[Data excerpts]

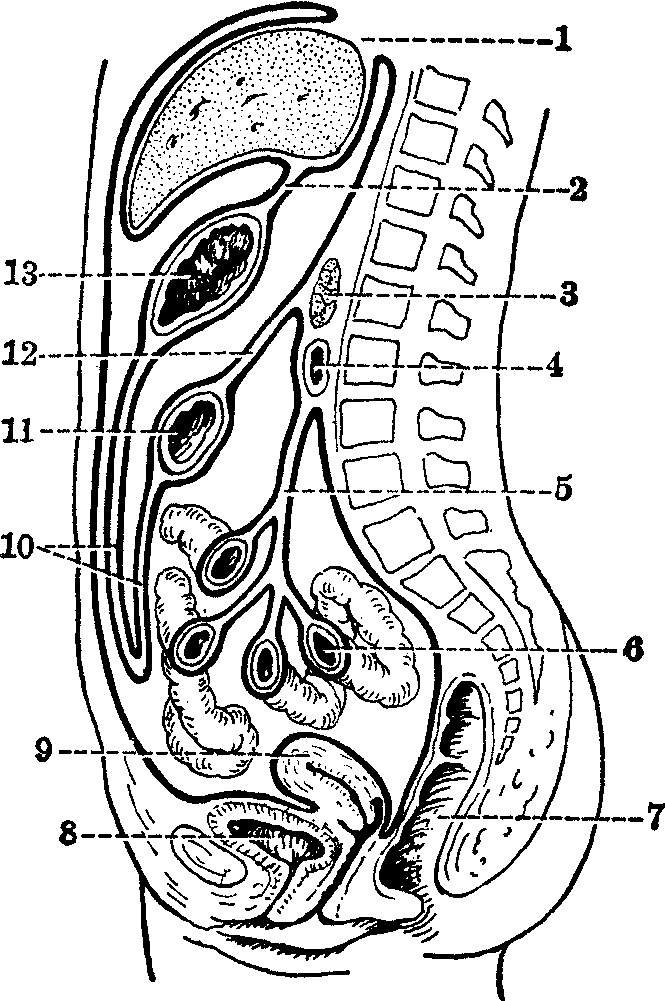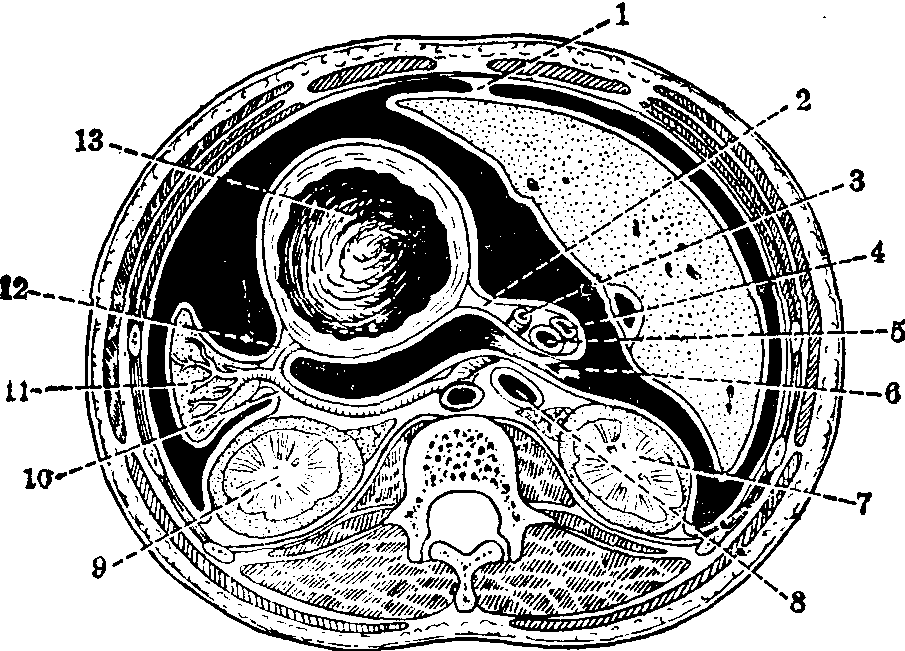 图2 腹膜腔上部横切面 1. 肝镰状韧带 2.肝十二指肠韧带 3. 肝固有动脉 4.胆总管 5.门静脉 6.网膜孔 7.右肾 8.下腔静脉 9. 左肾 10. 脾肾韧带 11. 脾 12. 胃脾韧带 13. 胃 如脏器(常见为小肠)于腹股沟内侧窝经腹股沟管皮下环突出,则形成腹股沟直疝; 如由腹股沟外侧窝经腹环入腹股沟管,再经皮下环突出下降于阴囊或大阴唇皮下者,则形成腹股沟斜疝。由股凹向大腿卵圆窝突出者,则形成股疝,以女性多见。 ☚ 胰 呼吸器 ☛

[/Data excerpts]
[Data excerpts]

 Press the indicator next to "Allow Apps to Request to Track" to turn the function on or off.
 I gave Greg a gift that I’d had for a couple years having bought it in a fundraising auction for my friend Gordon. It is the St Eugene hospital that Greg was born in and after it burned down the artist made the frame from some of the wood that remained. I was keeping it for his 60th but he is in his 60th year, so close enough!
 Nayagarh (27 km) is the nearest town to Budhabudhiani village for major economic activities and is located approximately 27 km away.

[/Data excerpts]

_Required action_:
Take the entries above and return only the lines from the one with "I gave Greg" to the one with "Nayagarh (27 km)", both included, unchanged.

_Answer space_:
 I gave Greg a gift that I’d had for a couple years having bought it in a fundraising auction for my friend Gordon. It is the St Eugene hospital that Greg was born in and after it burned down the artist made the frame from some of the wood that remained. I was keeping it for his 60th but he is in his 60th year, so close enough!
 Nayagarh (27 km) is the nearest town to Budhabudhiani village for major economic activities and is located approximately 27 km away.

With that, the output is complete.